▼
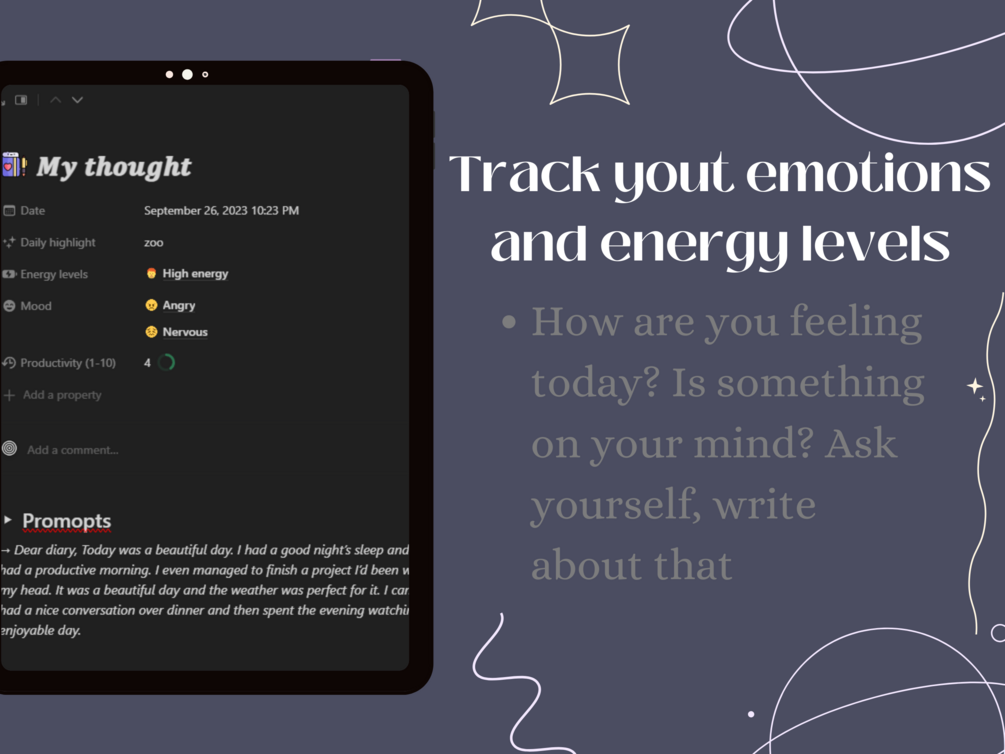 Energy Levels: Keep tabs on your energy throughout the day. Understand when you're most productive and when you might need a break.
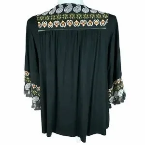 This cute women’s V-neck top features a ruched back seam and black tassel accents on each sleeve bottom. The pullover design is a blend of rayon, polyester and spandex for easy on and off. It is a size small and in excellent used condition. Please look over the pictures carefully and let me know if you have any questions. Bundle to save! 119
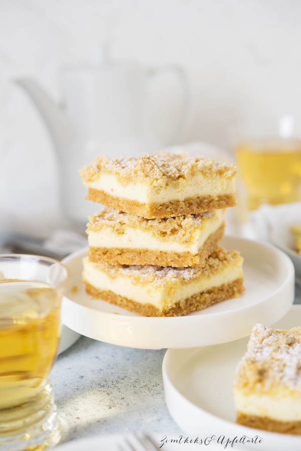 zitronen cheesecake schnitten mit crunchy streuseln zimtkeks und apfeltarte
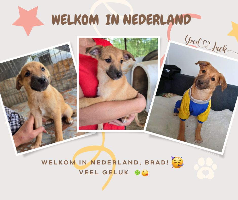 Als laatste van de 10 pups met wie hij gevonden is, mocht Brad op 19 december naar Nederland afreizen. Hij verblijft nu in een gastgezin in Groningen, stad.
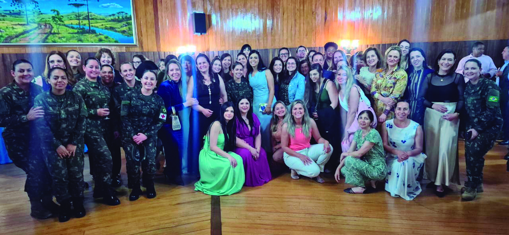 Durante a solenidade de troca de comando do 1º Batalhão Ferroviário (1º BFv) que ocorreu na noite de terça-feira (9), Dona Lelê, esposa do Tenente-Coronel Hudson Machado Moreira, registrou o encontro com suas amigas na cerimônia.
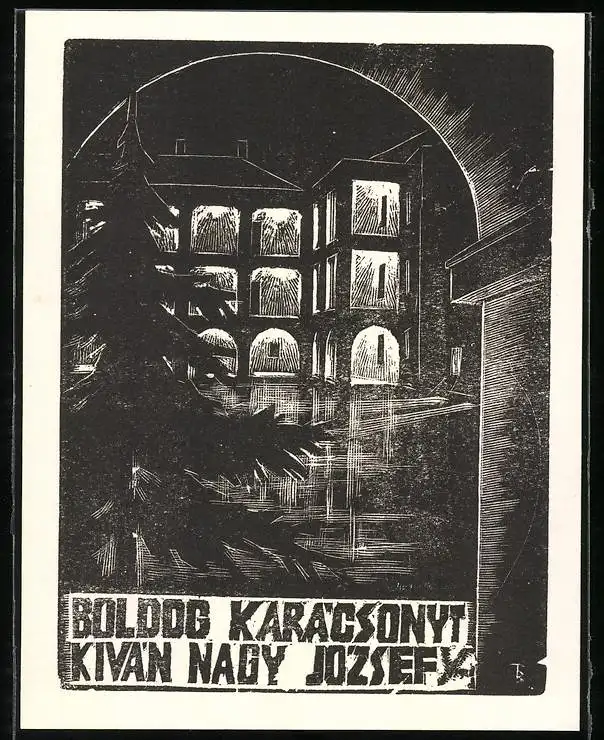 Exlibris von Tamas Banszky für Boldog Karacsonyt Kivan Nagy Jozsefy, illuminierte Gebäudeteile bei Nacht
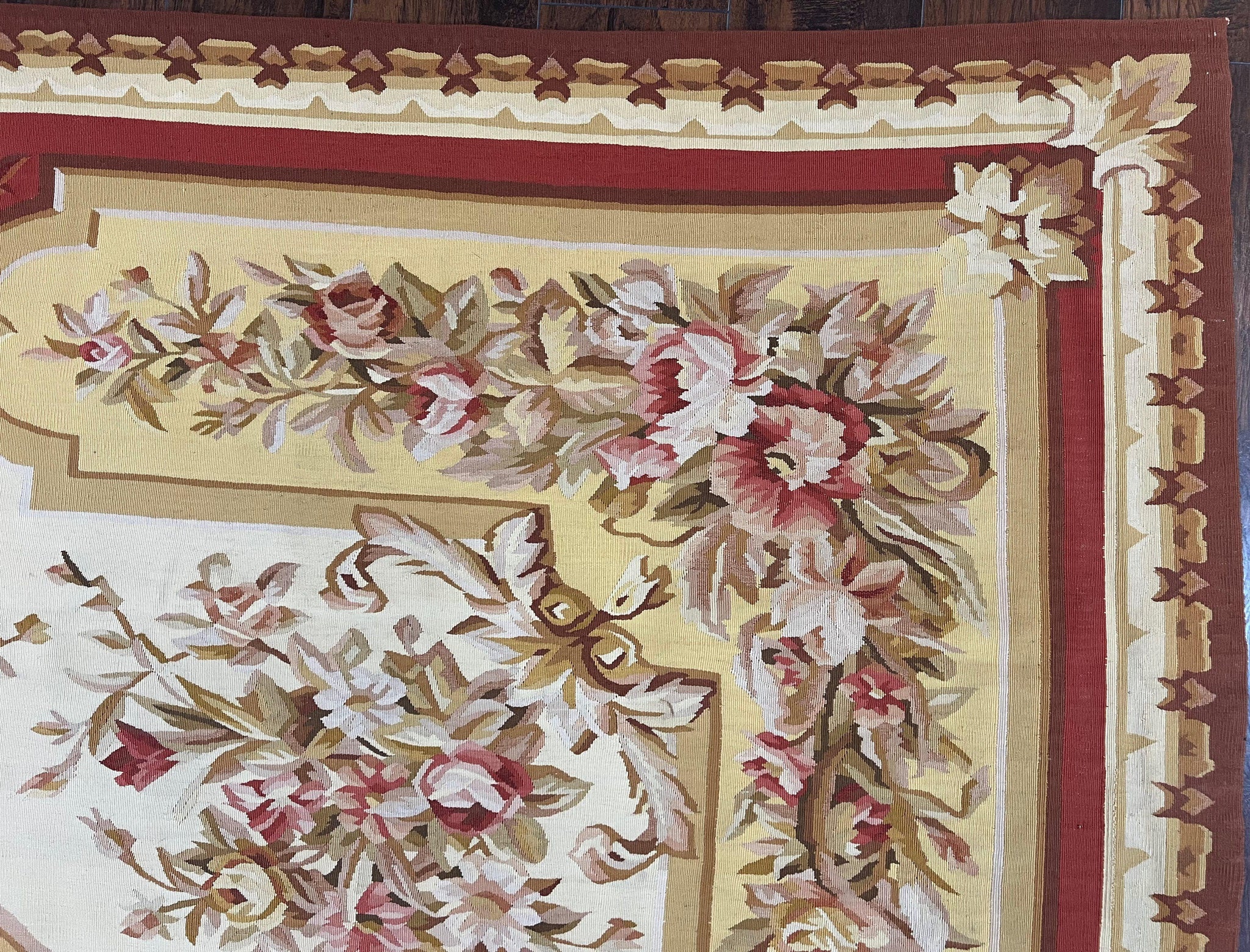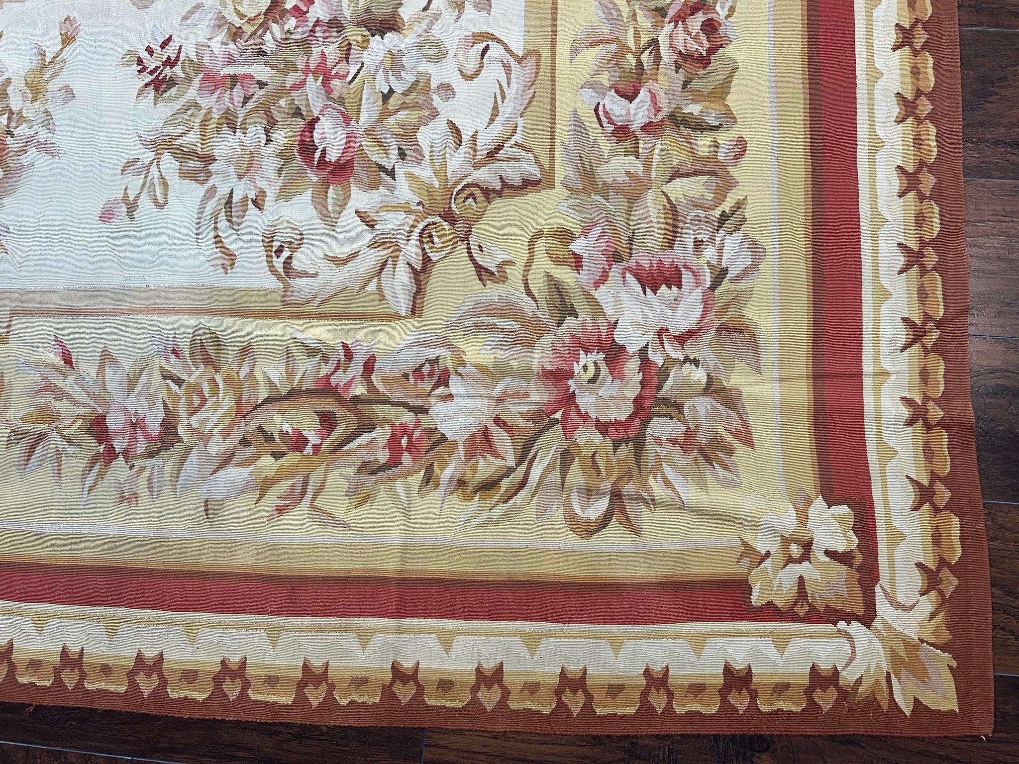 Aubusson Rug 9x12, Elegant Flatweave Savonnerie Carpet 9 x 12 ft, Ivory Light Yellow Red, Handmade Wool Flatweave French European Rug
▲
Work instruction: All that belongs in the answer is the lines from the line with "Exlibris von Tamas" through the closing line of the entries, inclusive, transcribed exactly and free of pictures.

Result of the task:
 Exlibris von Tamas Banszky für Boldog Karacsonyt Kivan Nagy Jozsefy, illuminierte Gebäudeteile bei Nacht
 Aubusson Rug 9x12, Elegant Flatweave Savonnerie Carpet 9 x 12 ft, Ivory Light Yellow Red, Handmade Wool Flatweave French European Rug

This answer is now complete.